I have lots of ideas, one of which I’m ready to talk about, and one that’s still forming in my mind.  One is a recent dream, the other I’ve had my entire life.  Guess which one I’m ready to talk about?  Yeah, the new one.  Weird how that works.  The thing that I’ve always wanted to do, that my heart has always lead me to, is the one things that scares me the most.  Not just scares, but shakes me to the core.  Because if I lose this, then I lose everything.

But you know what I’ve realized?  I’ll never lose it, because it is me.

 

I’d love to share a few of the blog posts that I’ve come across, and I will as I find them.  In the meantime, here’s one of them.  If you’re a fan of travel stories, I highly recommend that you follow this blog.

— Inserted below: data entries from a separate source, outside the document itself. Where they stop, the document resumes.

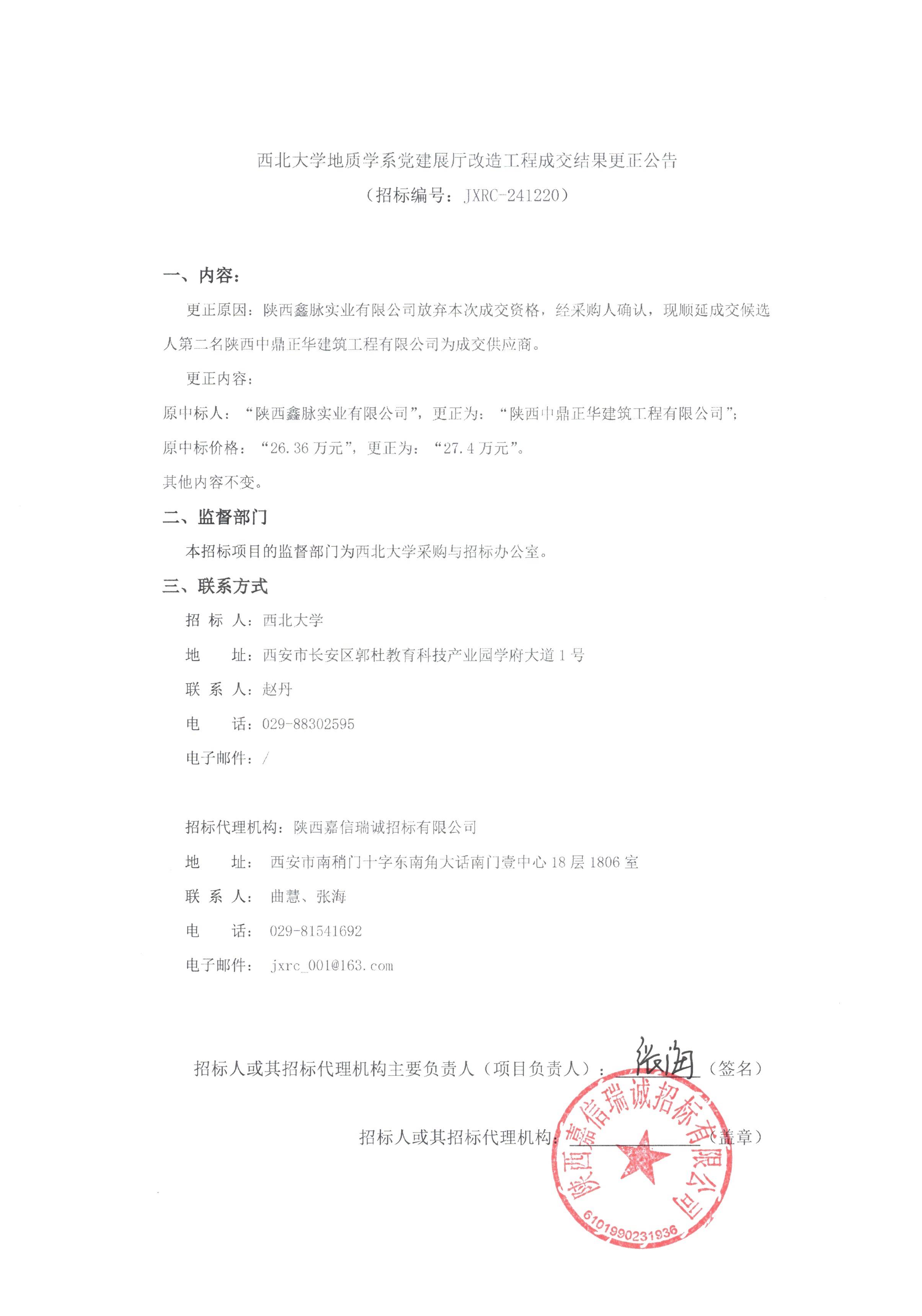 星空app官网地质学系党建展厅改造工程成交结果更正公告
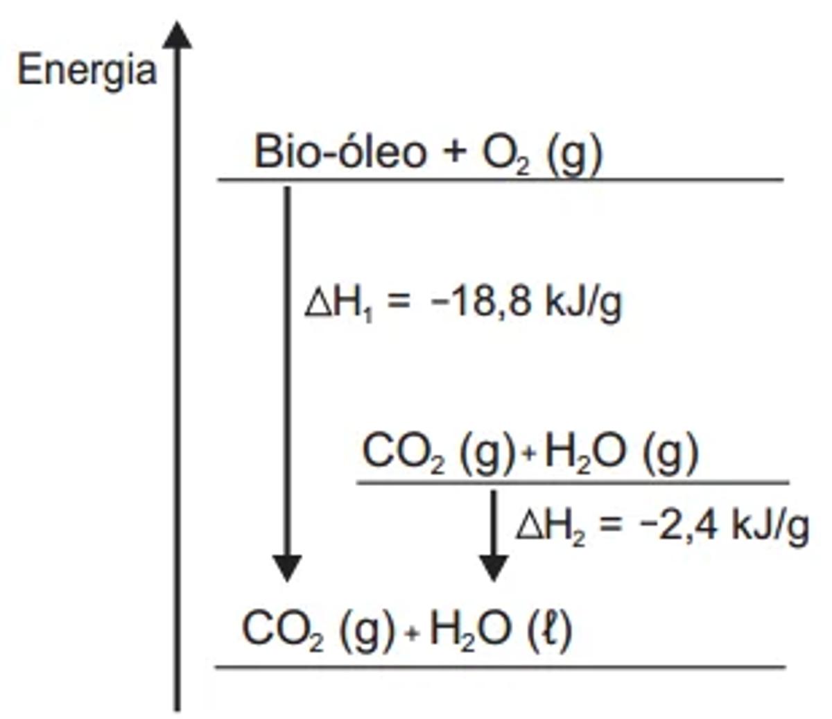 O aproveitamento de resíduos florestais vem se tornando cada dia mais atrativo, pois eles são uma fonte renovável de energia. A figura representa a queima de um bio-óleo extraído do resíduo de madeira, sendo ΔH1 a variação de entalpia devido à queima de 1g desse bio-óleo, resultando em gás carbônico e água líquida, e ΔH2 a variação de entalpia envolvida na conversão de 1g de água no estado gasoso para o estado líquido.
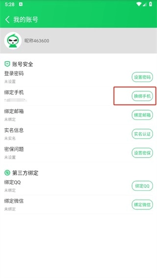 2. 点击换绑手机功能
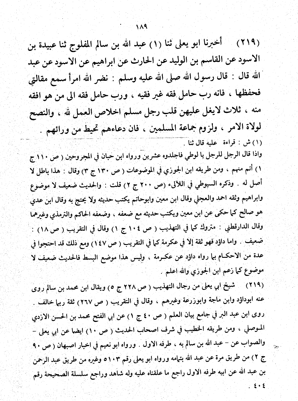 219 - حَدَّثَنَا عَبْدُ اللَّهِ بْنُ سَالِمٍ الْمَفْلُوجُ، حَدَّثَنَا عُبَيْدَةُ بْنُ الْأَسْوَدِ، عَنِ الْقَاسِمِ بْنِ الْوَلِيدِ، عَنِ الْحَارِثِ، عَنْ إِبْرَاهِيمَ، عَنِ الْأَسْوَدِ، عَنْ عَبْدِ اللَّهِ، قَالَ: قَالَ رَسُولُ اللَّهِ صَلَّى اللهُ عَلَيْهِ وَسَلَّمَ: " §نَضَّرَ اللَّهُ امْرَأً سَمِعَ مَقَالَتِي، فَحِفَظَهَا، فَإِنَّهُ رُبَّ حَامِلِ فِقْهٍ غَيْرِ فَقِيهٍ، وَرُبَّ حَامِلِ فِقْهٍ إِلَى مَنْ هُوَ أَفْقَهُ مِنْهُ. ثَلَاثٌ لَا يُغِلُّ عَلَيْهِنَّ قَلْبُ رَجُلٍ مُسْلِمٍ: إِخْلَاصُ الْعَمَلِ لِلَّهِ، وَالنُّصْحُ لِوُلَاةِ الْأَمْرِ، وَلُزُومُ جَمَاعَةِ الْمُسْلِمِينَ، فَإِنَّ دُعَاءَهُمْ يُحِيطُ مَنْ وَرَاءَهُمْ "
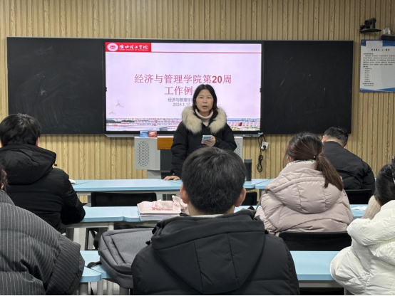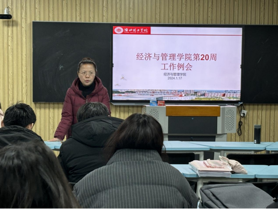 2024年1月17日,william威廉中文官网在一教210召开第二十周教学工作例会暨期末工作总结会议。会议由吴玲经理主持,经济管理公司全体教师参加。
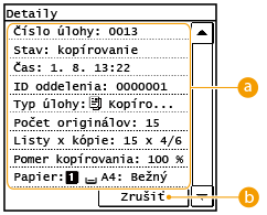 Zobrazí sa počet kópií, nastavenia a iné detaily. Ak chcete iba skontrolovať detaily bez zrušenia kopírovania, stlačením tlačidla
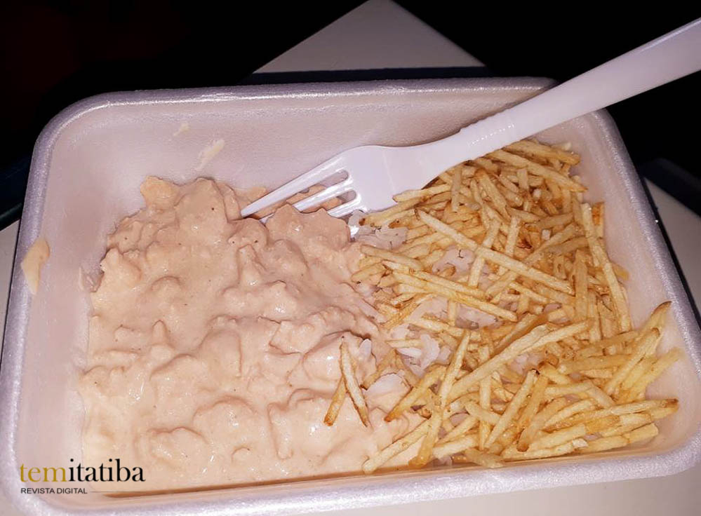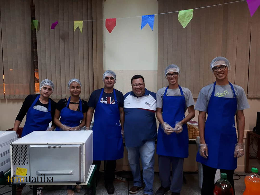 A ETEC Rosa Perrone Scavone entra com o suporte de embalagens descartáveis e refrigerante (em todas as seis salas foi servido um copo de refrigerante junto à refeição).

http://nomadgrad.com/2012/04/01/the-ask-all-tell-alls-of-nomadic-life-financing-your-fun/ 

 

I’m Back!

The official flag of Bali. Coat of Arms on top...

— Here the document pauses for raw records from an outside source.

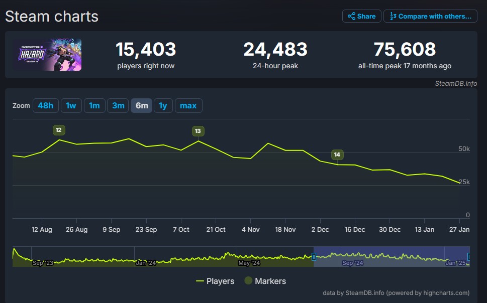 Overwatch2はマーベルライバルズ登場後7週間でSteamの平均プレイヤー数が約33,700人から約20,500人へと40%近く減少。
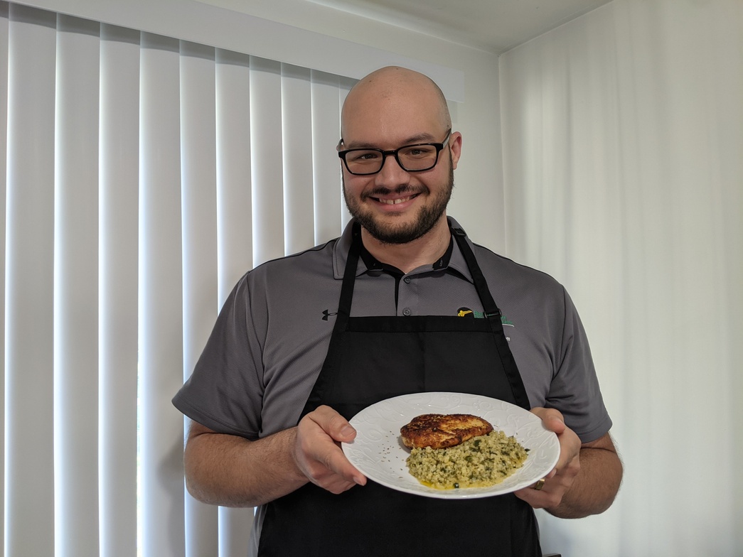 This week we went extra quick and easy. Parm-crusted chicken with riced cauliflower is a great mid-week meal that can be prepped and cooked in less than 30 minutes. Many of the ingredients may already be in your fridge and pantry. You also have the option to try chopping up fresh cauliflower or grab a bag from the frozen vegetable section of Wegmans. This recipe is a blank slate. You can make it your own by adding your favorite flavors and seasonings. Cauliflower is like a sponge and will soak up any flavor you add.
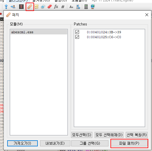 코드 수정이 완료되면 dbg 상단에 반창고 아이콘을 눌러 파일 패치를 진행해 줍니다
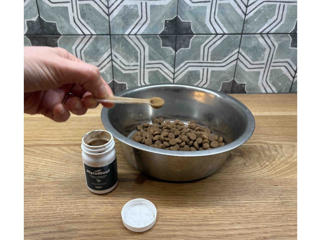 Prášek lze jednoduše zamíchat do běžného krmiva, konzervy nebo do trochy ochucené vody. Má lehce nahořklou chuť, což je u medicinálních hub přirozené. Přípravek je vhodný i pro dlouhodobé podávání.
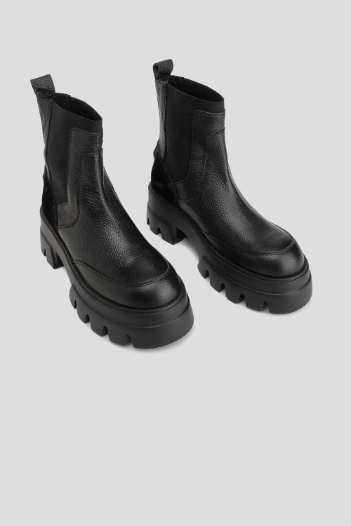 Детали: Женские черные ботинки-челси Sapporo из натуральной кожи от Bogner (Богнер). Закругленный носок, без застежки, по бокам эластичная вставка, тракторная подошва
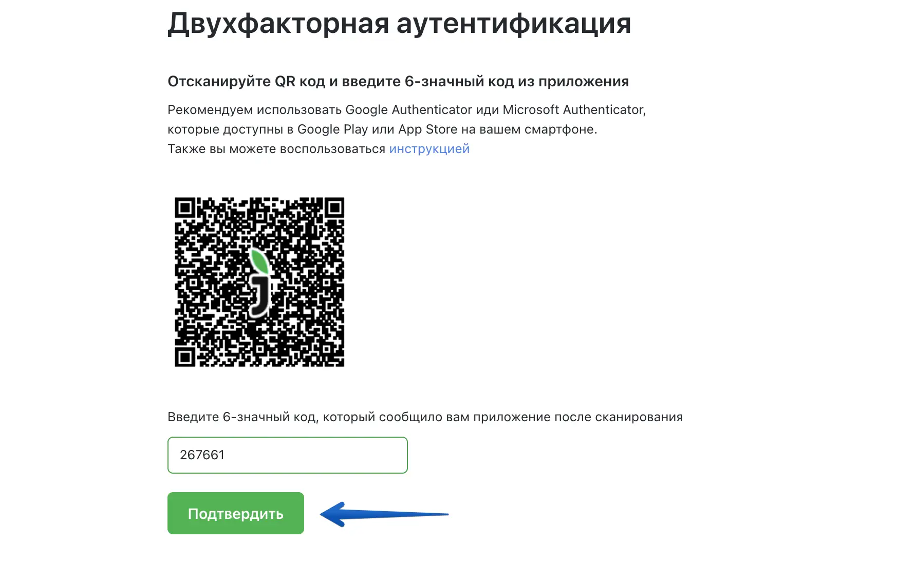 Введите код из аутентификатора и нажмите "Подтвердить".

My first blog post since my trip and I’m struggling with what to say.

 

I can’t decide if it’s because I have too much to say, or not enough.  What does one say when they return from a trip that may or may not have changed their lives?

 

I know this blog is supposed to be about my struggles (and victories) with Hashimoto’s disease, but it has become much more than that.  While Hashimoto’s does not define me, it is a part of me, a part of my experiences.  There is no separating the disease from me.  So I guess what I’m saying is that if you’re reading this blog because you hope to get support in your own health struggles, that’s great and I hope to provide that, but you’ll have to slog through the other crap going on in my life as well.  Not that it’s all crap – honestly, most of my life is good, great even.  But one doesn’t write about only the good stuff, do they?  If that were the case we wouldn’t have some of the greatest writers and stories.

 

But I digress.

 

I suppose the reason why I haven’t written about Bali, why I “can’t” write about Bali is because so many of my feelings about it haven’t processed yet.  This was a trip like no other, in so many ways.  I hope to start processing them and writing about it soon.  I didn’t even write in my journal while I was gone (except twice) which is slightly annoying, but I also don’t write unless I have to.  (And I wonder why I can’t be a “writer” for a living.)  The spirit didn’t move me.  Or I avoided the spirit, which is the most likely answer.

 

I do know this: like when I returned from Thailand last year, I feel that a shift is occurring.  Like something is physically manifesting itself inside of me.  A change is afoot.  Or something like that.  Of course I have no idea what it is, but I also hope that it happens soon.  I’ve been waiting a year since Thailand – I wonder if my body just forgot that something was supposed to happen.  But now I feel ready – emotionally, physically, spiritually ready for what comes next.  Bring it.